# Balacoon Vocoder

Our inhouse discrete audio codec.
24khz, 50 frames per second, 4 codebooks.
Middle ground between high bitrate of EnCodec and low bitrate Mimi (12.5 frames per second only) or WaveTokenizer (single codebook).

In [None]:
import torch
import os
import soundfile as sf
import resampy
from IPython.display import Audio, display
import matplotlib.pylab as plt
from huggingface_hub import hf_hub_download

os.environ["CUDA_VISIBLE_DEVICES"] = "3"
device = torch.device('cuda')

wav_path = os.path.join("speech_gen_eval_testsets", "vctk", "wav", "p225_011.wav")
wav16khz, sr = sf.read(wav_path, dtype="int16")
wav24khz = resampy.resample(wav16khz, sr, 24000)
print(wav24khz.shape)
display(Audio(wav24khz, rate=24000))
x = torch.tensor(wav24khz).to(device).unsqueeze(0)

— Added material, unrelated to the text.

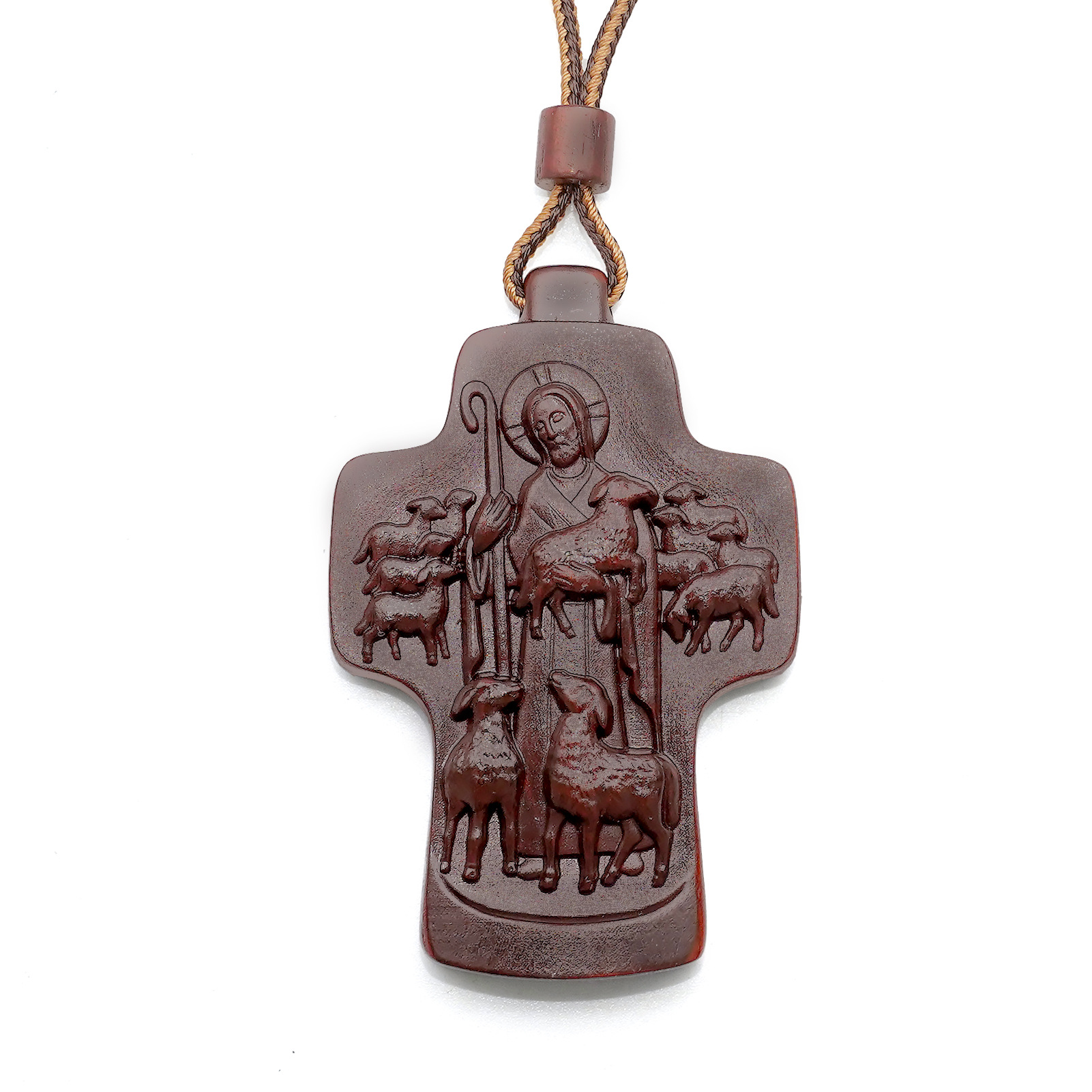 Necklace with Cross, Good Shepherd, Sandalwood, Olive Wood, with Cord, 7X5Cm, Unisex, Aliexpress Cross-Border, Good Shepherd Relief Carving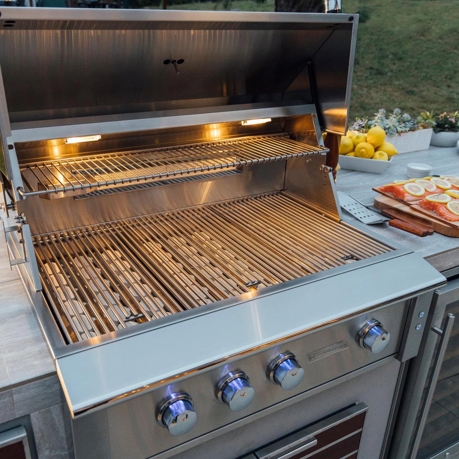 Summerset ALT36 Alturi Series Built-In Gas Grill, 36-Inch combines superior quality and high end performance to provide a terrific option to complete your outdoor kitchen. The grill features a solid 304 stainless steel construction to ensure durability and longevity while each of the (3) heavy duty stainless steel U-Tube burners, rated at 20,000 BTU, provide ultra high heat to the unique captured briquette trays. The captured briquette trays provide even radiant heat across the 945in² cooking surface and eliminate hot and cold zones as the 9mm thick stainless steel grates offer a thick gauge grilling surface for professional style grill marks.

encoder_path = hf_hub_download(repo_id="balacoon/vq4_50fps_24khz_vocoder", filename="analysis.jit")
decoder_path = hf_hub_download(repo_id="balacoon/vq4_50fps_24khz_vocoder", filename="synthesis.jit")
encoder = torch.jit.load(encoder_path)
decoder = torch.jit.load(decoder_path)

tokens = encoder(x)
print(tokens.shape)
plt.imshow(tokens[0].detach().cpu().numpy().T, aspect="auto")
plt.show()

res = decoder(tokens)
print(res.shape)
display(Audio(res[0].detach().cpu().numpy(), rate=24000))


In [11]:
# dont upload all the files from test (2k),
# but only those (150) that are meant to be kept for listening / subjective evaluation
import os
import glob

for fold in ["vctk", "daps_celeb"]:
    # Read keep file and get IDs
    keep_path = os.path.join("speech_gen_eval_testsets", fold, "keep")
    with open(keep_path, encoding="utf-8") as f:
        keep_lines = f.readlines()
    keep_ids = set([line.split()[0] for line in keep_lines])
    
    for wav_file in glob.glob(os.path.join("vq4_50fps_24khz_vocoder", fold, "wav", "*.wav")):
        if os.path.basename(wav_file).split(".")[0] not in keep_ids:
            os.remove(wav_file)

In [None]:
# upload synthetic audio and metrics to `speech_gen_baselines`,
# so it is available on TTSLeaderboard

local_dataset = "vq4_50fps_24khz_vocoder"
hf_dataset = "balacoon/speech_gen_baselines"
hf_subdir = "vocoder/balacoon"

from huggingface_hub import HfApi

# Initialize the Hugging Face API
api = HfApi()

# Upload each fold to the appropriate subdirectory
for fold in ["vctk", "daps_celeb"]:
    # Upload wav files
    api.upload_folder(
        folder_path=os.path.join(local_dataset, fold),
        repo_id=hf_dataset,
        repo_type="dataset",
        path_in_repo=os.path.join(hf_subdir, fold)
    )